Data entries

---

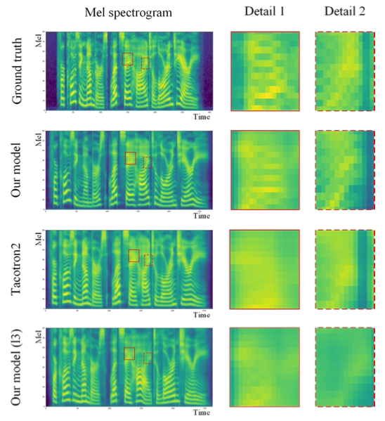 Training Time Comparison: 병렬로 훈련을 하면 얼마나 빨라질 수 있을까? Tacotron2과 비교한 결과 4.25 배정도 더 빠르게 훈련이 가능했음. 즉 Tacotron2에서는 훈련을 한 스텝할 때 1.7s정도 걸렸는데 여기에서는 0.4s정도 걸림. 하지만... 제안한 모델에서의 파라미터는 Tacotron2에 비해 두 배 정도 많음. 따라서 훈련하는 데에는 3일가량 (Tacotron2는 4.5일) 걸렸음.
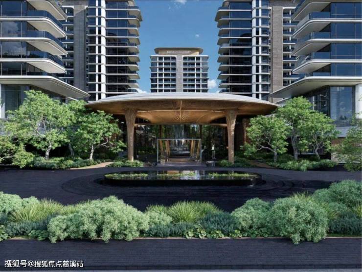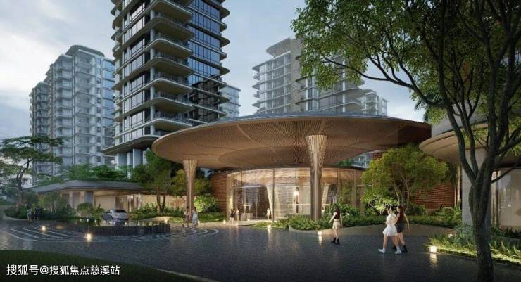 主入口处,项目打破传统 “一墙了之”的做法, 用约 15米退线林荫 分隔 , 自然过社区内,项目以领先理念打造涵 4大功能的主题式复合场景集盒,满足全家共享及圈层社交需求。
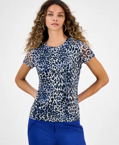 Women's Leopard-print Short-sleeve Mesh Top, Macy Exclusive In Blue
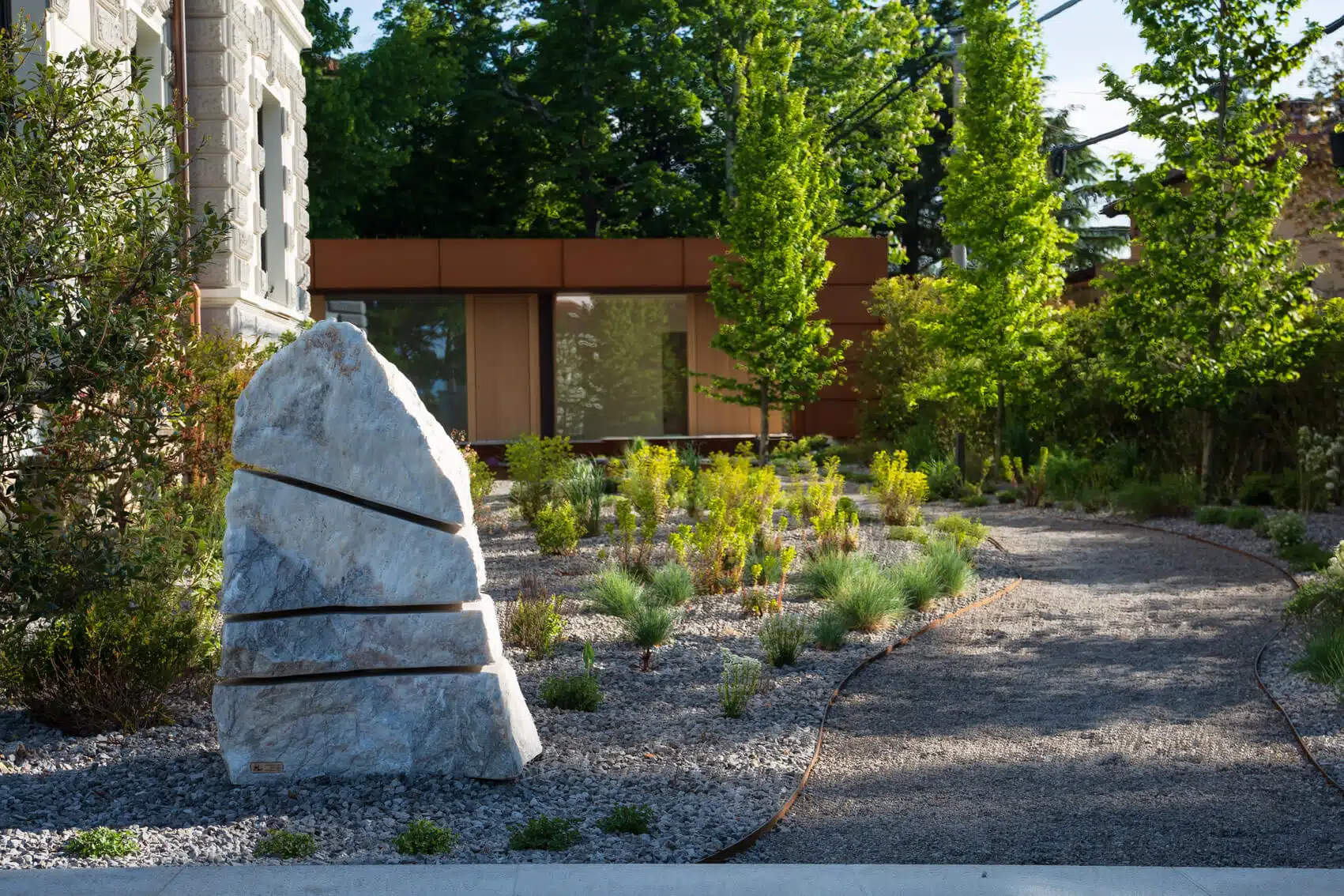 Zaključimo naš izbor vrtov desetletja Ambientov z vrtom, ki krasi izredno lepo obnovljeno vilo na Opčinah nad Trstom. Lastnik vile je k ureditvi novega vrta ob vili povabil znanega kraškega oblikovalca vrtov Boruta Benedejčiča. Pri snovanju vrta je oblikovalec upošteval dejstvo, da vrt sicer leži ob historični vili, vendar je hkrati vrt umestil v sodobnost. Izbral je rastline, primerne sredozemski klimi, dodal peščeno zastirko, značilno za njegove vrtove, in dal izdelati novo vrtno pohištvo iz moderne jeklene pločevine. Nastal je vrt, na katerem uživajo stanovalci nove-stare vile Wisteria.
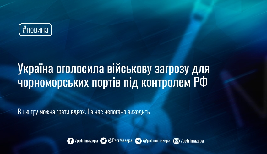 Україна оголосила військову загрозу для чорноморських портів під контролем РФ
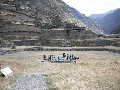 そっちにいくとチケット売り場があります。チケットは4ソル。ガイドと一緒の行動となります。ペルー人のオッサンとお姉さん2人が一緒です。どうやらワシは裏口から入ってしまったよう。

---

_To do_: In the data above, the line containing "Zaključimo naš izbor" and all lines after it are to be reproduced exactly, leaving out the pictures.

_Result below_:
 Zaključimo naš izbor vrtov desetletja Ambientov z vrtom, ki krasi izredno lepo obnovljeno vilo na Opčinah nad Trstom. Lastnik vile je k ureditvi novega vrta ob vili povabil znanega kraškega oblikovalca vrtov Boruta Benedejčiča. Pri snovanju vrta je oblikovalec upošteval dejstvo, da vrt sicer leži ob historični vili, vendar je hkrati vrt umestil v sodobnost. Izbral je rastline, primerne sredozemski klimi, dodal peščeno zastirko, značilno za njegove vrtove, in dal izdelati novo vrtno pohištvo iz moderne jeklene pločevine. Nastal je vrt, na katerem uživajo stanovalci nove-stare vile Wisteria.
 Україна оголосила військову загрозу для чорноморських портів під контролем РФ
 そっちにいくとチケット売り場があります。チケットは4ソル。ガイドと一緒の行動となります。ペルー人のオッサンとお姉さん2人が一緒です。どうやらワシは裏口から入ってしまったよう。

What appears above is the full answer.